**** Supplied data

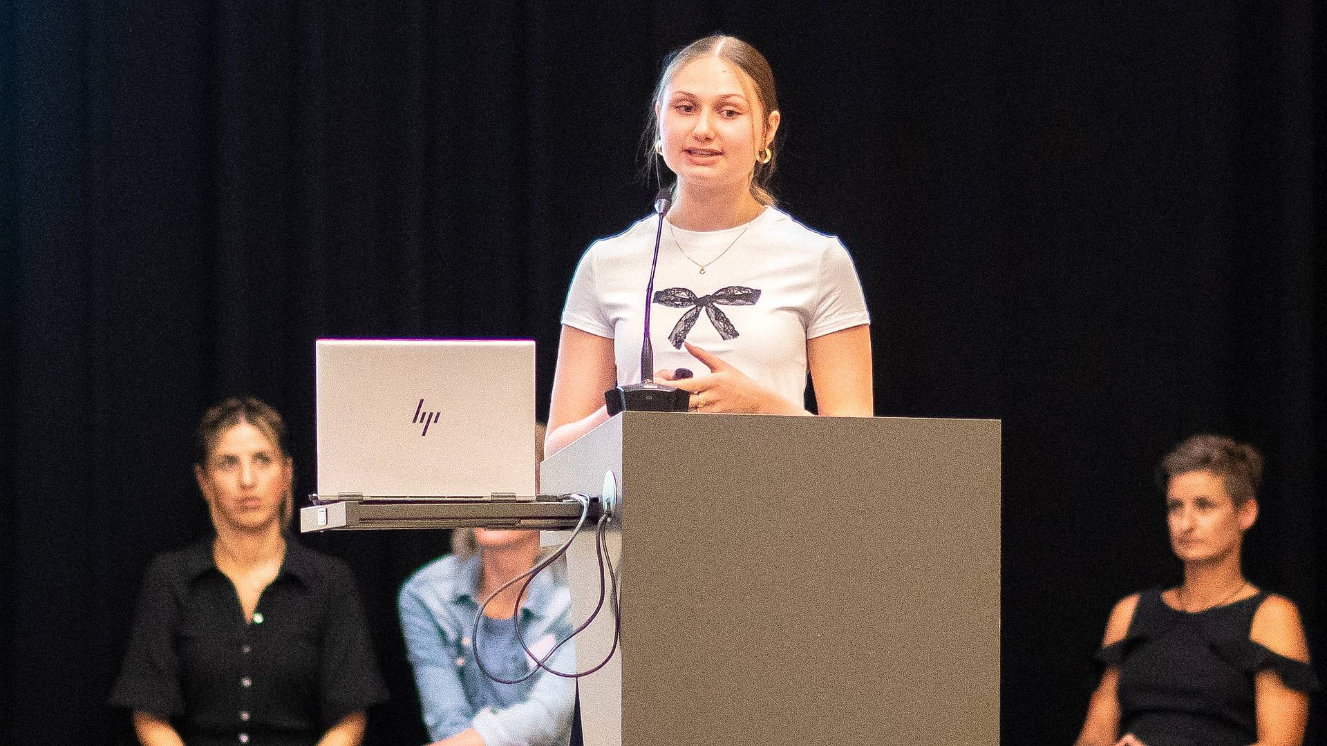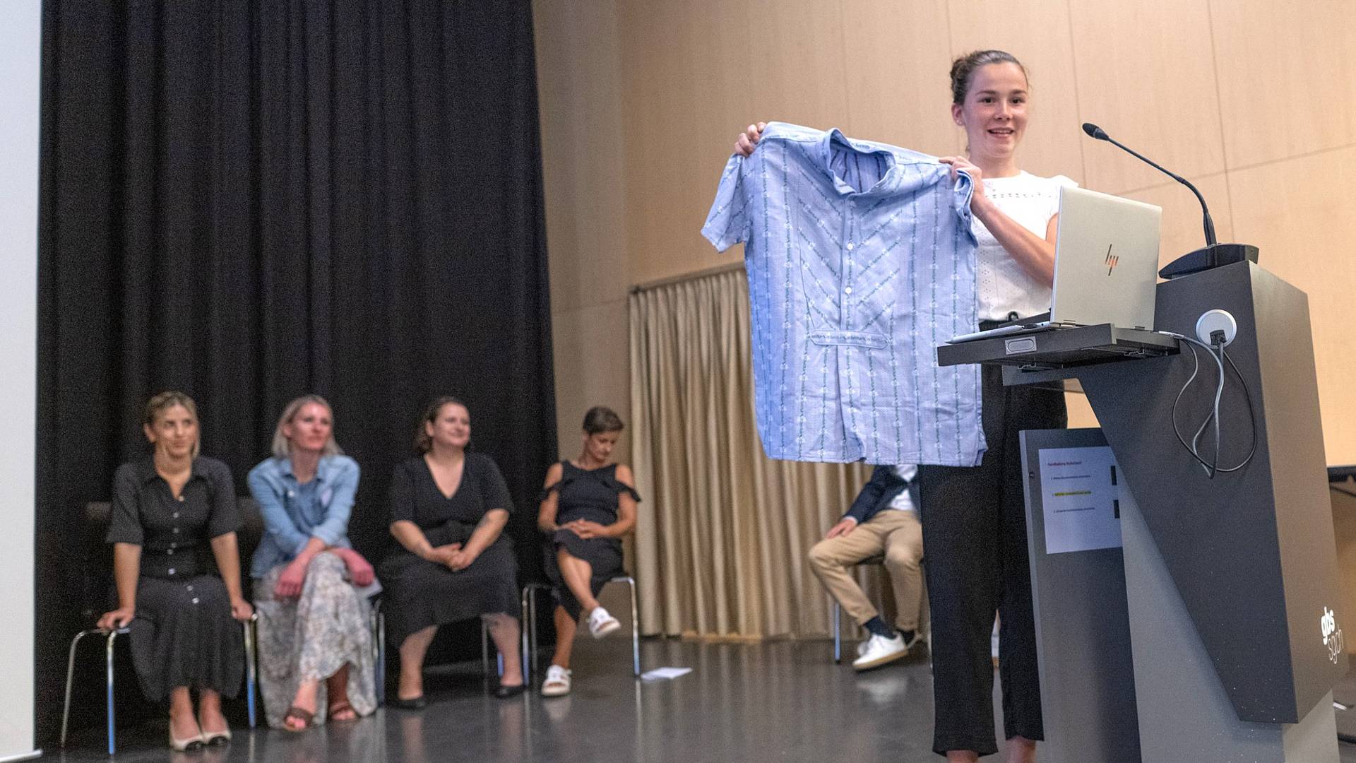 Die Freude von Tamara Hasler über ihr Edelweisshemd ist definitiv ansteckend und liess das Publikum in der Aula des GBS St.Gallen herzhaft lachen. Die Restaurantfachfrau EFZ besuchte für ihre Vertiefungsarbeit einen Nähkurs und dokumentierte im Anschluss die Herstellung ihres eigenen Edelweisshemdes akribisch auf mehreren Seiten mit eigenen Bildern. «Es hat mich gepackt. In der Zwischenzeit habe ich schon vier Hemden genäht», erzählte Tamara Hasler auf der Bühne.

********
**** Supplied data

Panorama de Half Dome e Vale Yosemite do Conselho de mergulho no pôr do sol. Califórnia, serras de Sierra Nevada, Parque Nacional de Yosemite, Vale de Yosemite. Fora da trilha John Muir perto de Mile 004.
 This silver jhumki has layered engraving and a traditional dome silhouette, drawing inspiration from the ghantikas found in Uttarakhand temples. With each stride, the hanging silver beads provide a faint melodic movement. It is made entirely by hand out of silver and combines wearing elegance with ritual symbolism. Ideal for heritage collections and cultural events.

********

**Instructions for the task**: Of the entries above, repeat exactly the lines from the line with "Panorama de Half" through the line with "This silver jhumki", both of them included.

**Result of this task**:
Panorama de Half Dome e Vale Yosemite do Conselho de mergulho no pôr do sol. Califórnia, serras de Sierra Nevada, Parque Nacional de Yosemite, Vale de Yosemite. Fora da trilha John Muir perto de Mile 004.
 This silver jhumki has layered engraving and a traditional dome silhouette, drawing inspiration from the ghantikas found in Uttarakhand temples. With each stride, the hanging silver beads provide a faint melodic movement. It is made entirely by hand out of silver and combines wearing elegance with ritual symbolism. Ideal for heritage collections and cultural events.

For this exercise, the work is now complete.